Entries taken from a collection

---

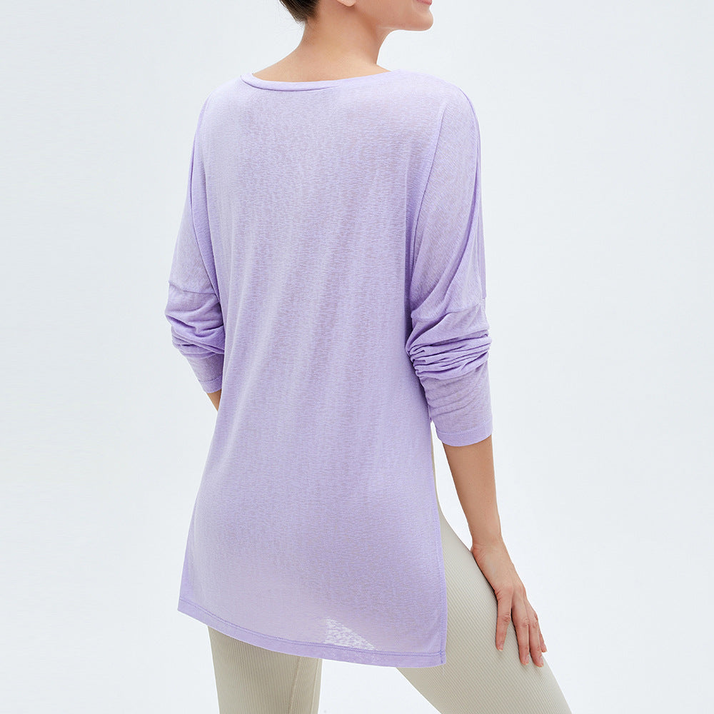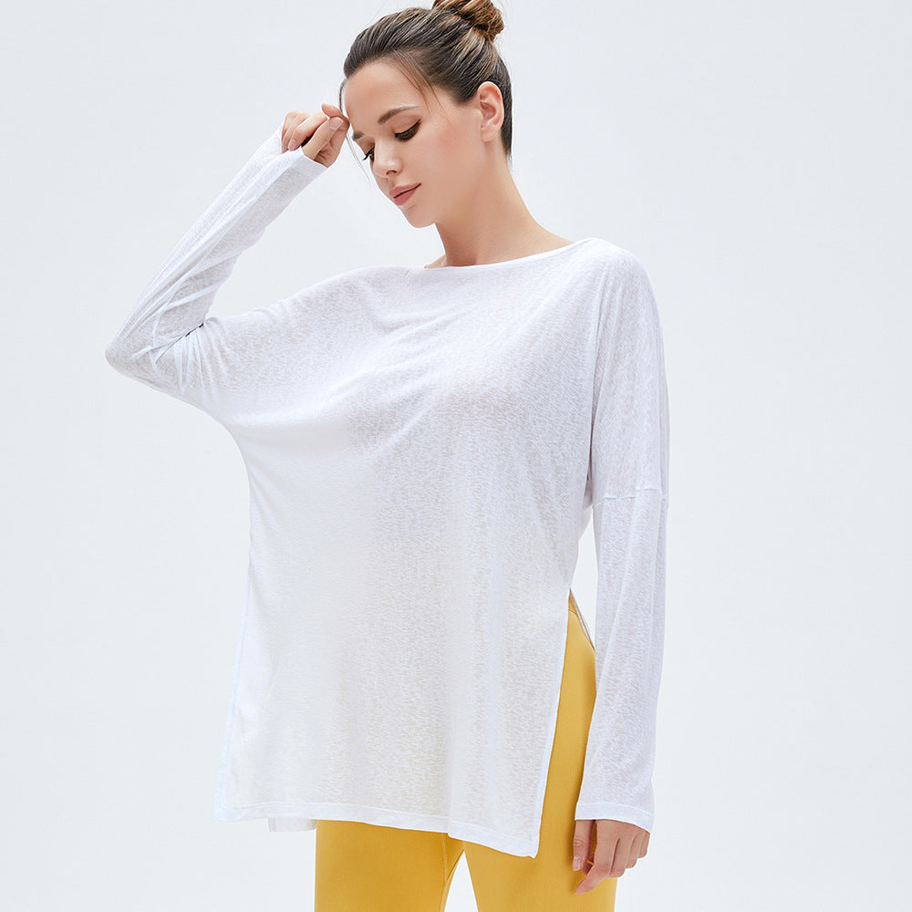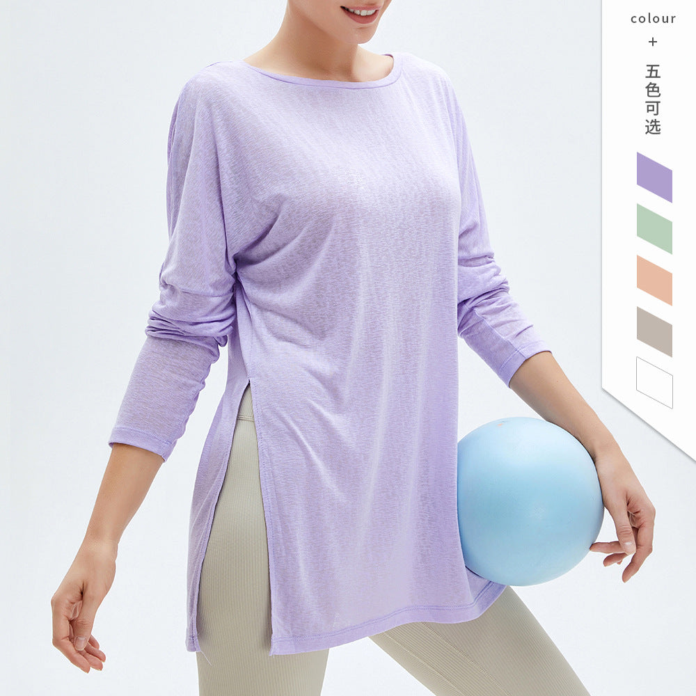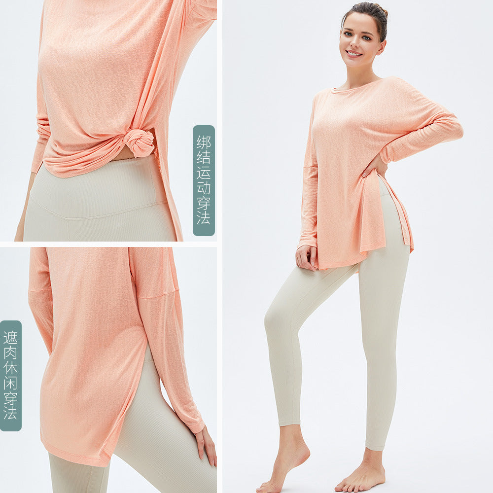 new double-sided split sweatshirt women's loose and fashionable yoga wear long sports top
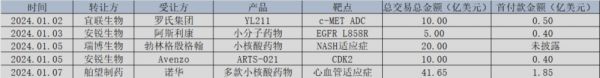 图:2024年第一周主要license-out一览,来源:锦缎研究院
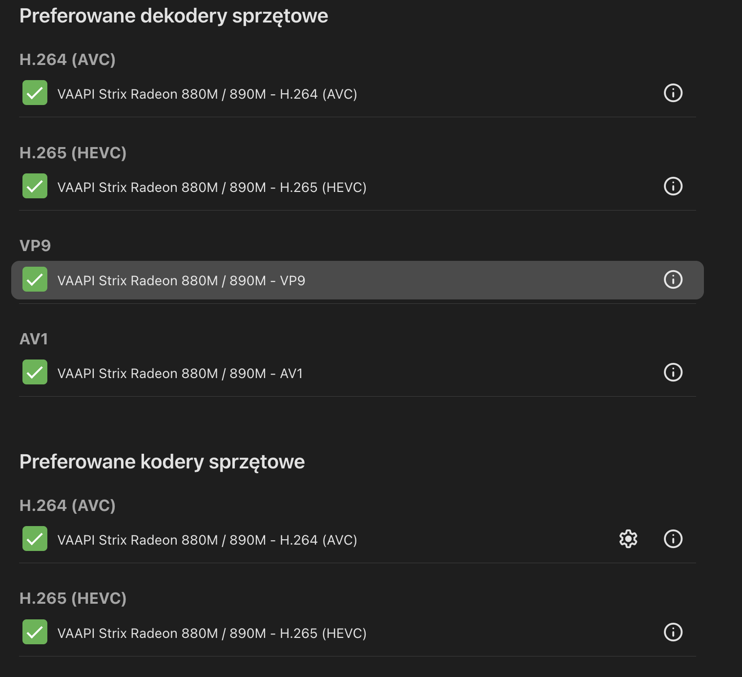 Smiehu 6 Posted October 14, 2025 Posted October 14, 2025 Hello, I have problem with HW transcoding with AMD AI 9 HX PRO 370 and Radeon™ 890M GPU. Transcoding seems to work but I have no video during playback (only audio). OS: Unraid 7.1.4 Emby: 4.9.1.80 (docker by linuxserver) GPU is recognized in Transcoding options (screen in attachment). During playback there is info that movie is transcoding by GPU (Vaapi) but no video during playback only audio and subtitles. A lot of errors in log. What can I do? ffmpeg-transcode-23429bfd-39d8-4f62-bcfe-ef7d3b1badc8_1.txt 1
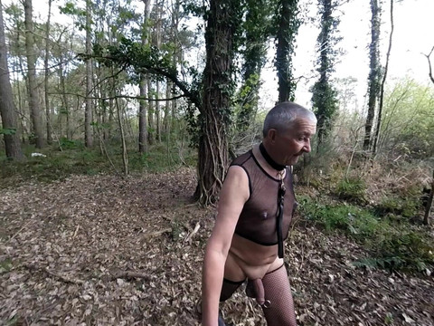partOut in them woods again in my sexy fishnet outfit having a sexy walk round have my nipple suck on a weight hang from my foreskin pierced and a silicon toy on my cock and a collar too .Two part too this video think you no was part 2 is Have fun watching xxxx
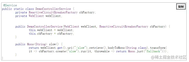 如果 Project Reactor 在类路径上,那么您也可以使用 ReactiveCircuitBreakerFactory 用于响应式代码。
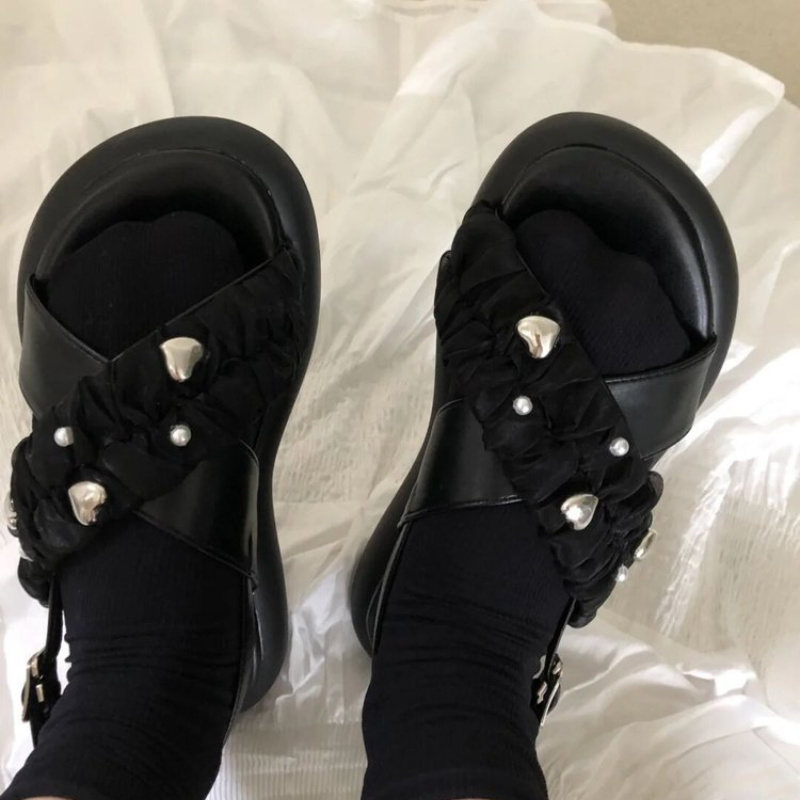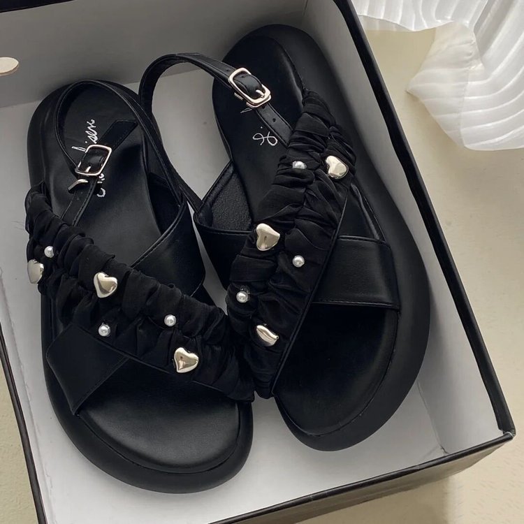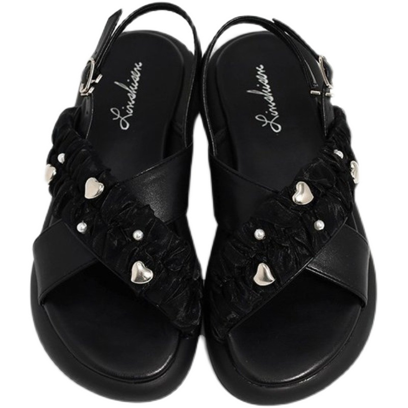 Fashion Silver Love Beach Shoes : Simple and versatile black sandals
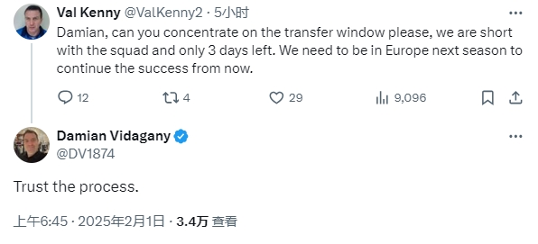 球迷社媒留言要求维拉总监引援,后者回复:相信过程

---

What is expected
Start at the top of the entries and repeat each line exactly, ending at the line that contains "图:2024年第一周主要license-out一览,来源:锦缎研究院". Pictures are not part of the copy.

Result for this exercise
 new double-sided split sweatshirt women's loose and fashionable yoga wear long sports top
 图:2024年第一周主要license-out一览,来源:锦缎研究院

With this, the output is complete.